Methods marked with are trained on 8, 17, and 33 reports to adjust for annotation time. Note due to computational reasons we only run HAN once for all experiments.
Average micro-f1 and macro-f1 performance across a function of 10, 20, and 40 labeled examples on colon, kidney, and lung cancer pathology reports
| Macro-f1 | Micro-f1 | |||||
|---|---|---|---|---|---|---|
| In-domain training sizes | 10 | 20 | 40 | 10 | 20 | 40 |
| Hierarchical attention network | 0.051 | 0.026 | 0.079 | 0.255 | 0.118 | 0.264 |
| Logistic | 0.208 (0.029) | 0.277 (0.047) | 0.354 (0.048) | 0.473 (0.033) | 0.578 (0.053) | 0.651 (0.033) |
| Random forest | 0.177 (0.045) | 0.223 (0.024) | 0.323 (0.043) | 0.438 (0.044) | 0.516 (0.042) | 0.618 (0.028) |
| SVM | 0.152 (0.029) | 0.172 (0.031) | 0.239 (0.030) | 0.387 (0.066) | 0.425 (0.036) | 0.517 (0.044) |
| Boost | 0.155 (0.021) | 0.288 (0.040) | 0.382 (0.034) | 0.421 (0.029) | 0.608 (0.051) | 0.715 (0.028) |
| SLA | 0.095 (0.015) | 0.178 (0.012) | 0.219 (0.016) | 0.472 (0.036) | 0.651 (0.023) | 0.736 (0.016) |
| ZSS | 0.442 (0.024) | 0.436 (0.017) | 0.428 (0.028) | 0.743 (0.016) | 0.737 (0.011) | 0.742 (0.009) |
| ZSS-doc | 0.359 (0.023) | 0.356 (0.022) | 0.341 (0.019) | 0.546 (0.024) | 0.540 (0.021) | 0.528 (0.007) |
| ZSS-thresholding | 0.441 (0.024) | 0.447 (0.022) | 0.449 (0.029) | 0.739 (0.017) | 0.765 (0.018) | 0.780 (0.015) |
| Oracle | 0.454 (0.031) | 0.501 (0.029) | 0.529 (0.024) | 0.775 (0.019) | 0.829 (0.017) | 0.862 (0.011) |
Note: The results presented include the mean performance and standard deviation across 10 random splits of the data for the unique labels case.
Methods marked with are trained on 8, 17, and 33 reports to adjust for annotation time. Note due to computational reasons we only run HAN once for all experiments.

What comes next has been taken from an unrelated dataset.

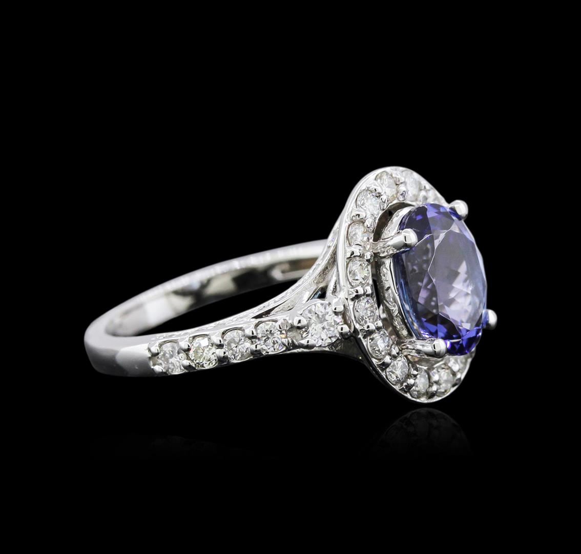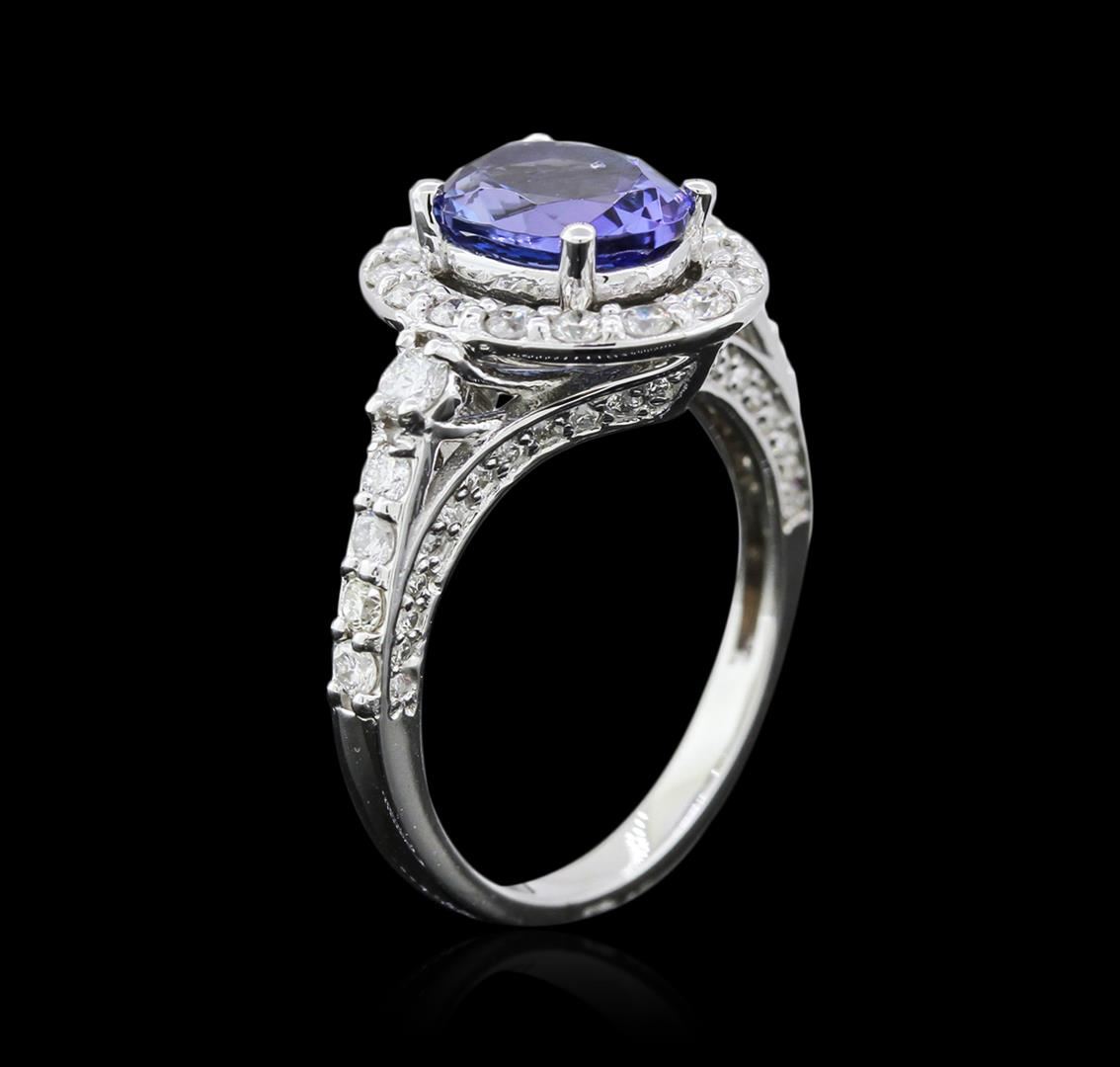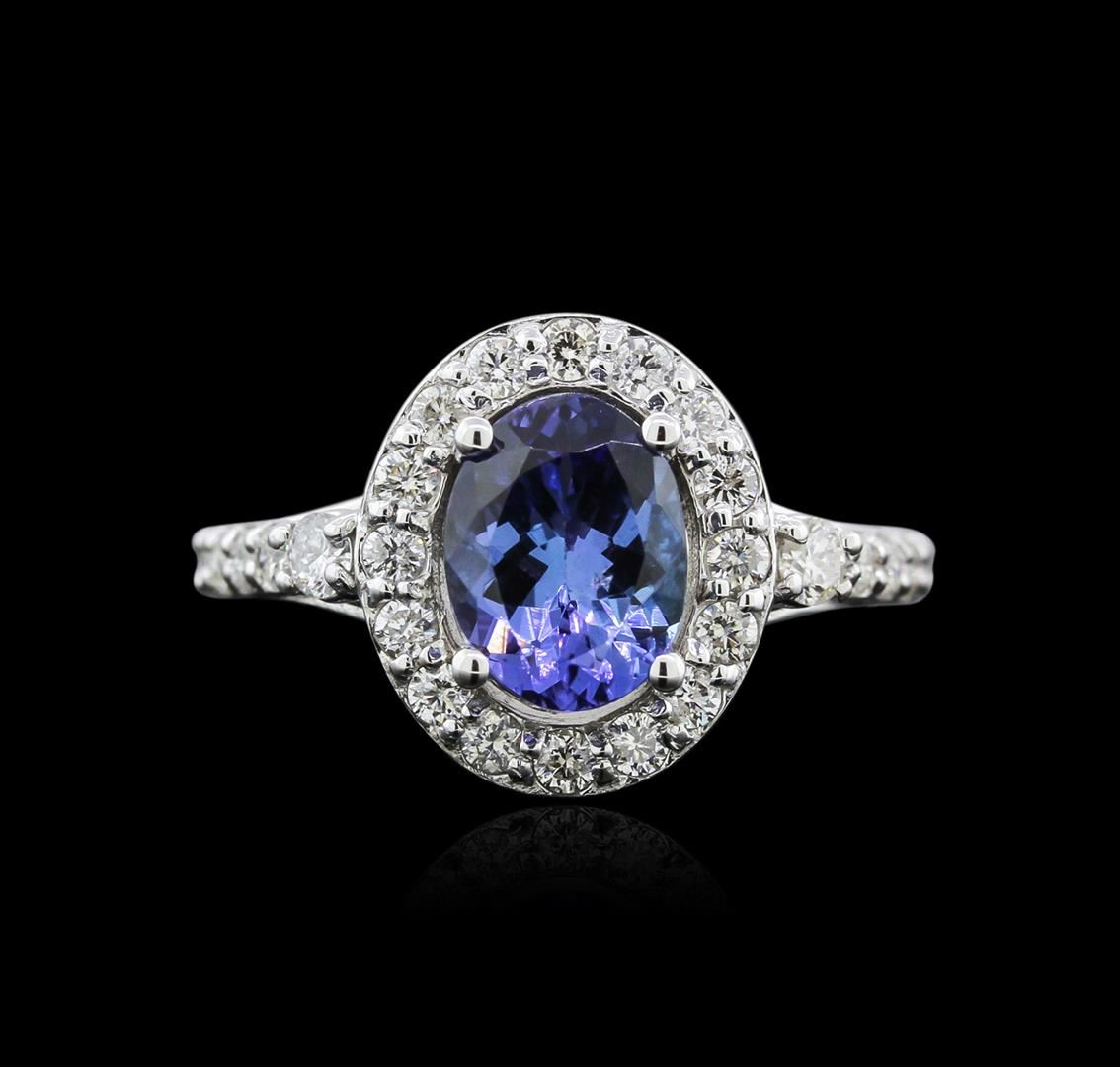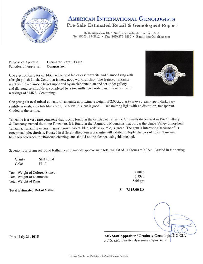 One electronically tested 14KT white gold ladies cast tanzanite and diamond ring with a bright polish finish. The featured tanzanite is set within a diamond bezel supported by an elaborate diamond set under gallery and diamond set shoulders, completed by a two millimeter wide band. Identified with markings of "14K". Condition is new, good workmanship. Containing: One prong set oval mixed cut natural tanzanite approximate weight of 2.00ct., clarity is eye clean, type I, dark, very slightly grayish, violetish blue color, (GIA vB 7/3), cut is good. Transmitting light with no distortion, transparent. Graded in the setting. Tanzanite is a very rare gemstone that is only found in the country of Tanzania. Originally discovered in 1967. Tiffany & Company, named the stone Tanzanite. It is found in the Usumburu Mountains that border the Umba Valley of northern Tanzania. Tanzanite occurs in gray, brown, violet, blue, reddish-purple, & green. The gem is interesting because of its exceptional pleochroism. Rotated in different directions a tanzanite will exhibit multiple changes of color. Tanzanite has a low tolerance to ultrasonic cleaning, and should not be cleaned using this method. Seventy-Four prong set round brilliant cut diamonds approximate total weight of 74 Stones = 0.95ct. Graded in the setting. Clarity SI-2 to I-1 Color H - J. Total Weight of Colored Stones 2.00ct. Total Weight of Diamonds 0.95ct. Total Weight of Ring 5.05 grams. AIG Appraised at $7,115.00.

Figure 1.Average macro-f1 (A) and micro-f1 (B) performance for test instances where the label is not seen during training as a function of 10, 20, and 40 labeled examples on colon, kidney, and lung cancer pathology reports. The results presented include the mean performance using ZSS across 10 random splits of the data and 95% confidence intervals for the unique labels case. Note that the number of zero-shot test instances decreases as the number of training instances increase.
Figure 2.Average macro-f1 (A) and micro-f1 (B) performance for test instances where the label is not seen during training as a function of 10, 20, and 40 labeled examples on colon, kidney, and lung cancer pathology reports. The results presented include the mean performance using ZSS-thresholding across 10 random splits of the data and 95% confidence intervals for the unique labels case. Note that the number of zero-shot test instances decreases as the number of training instances increase.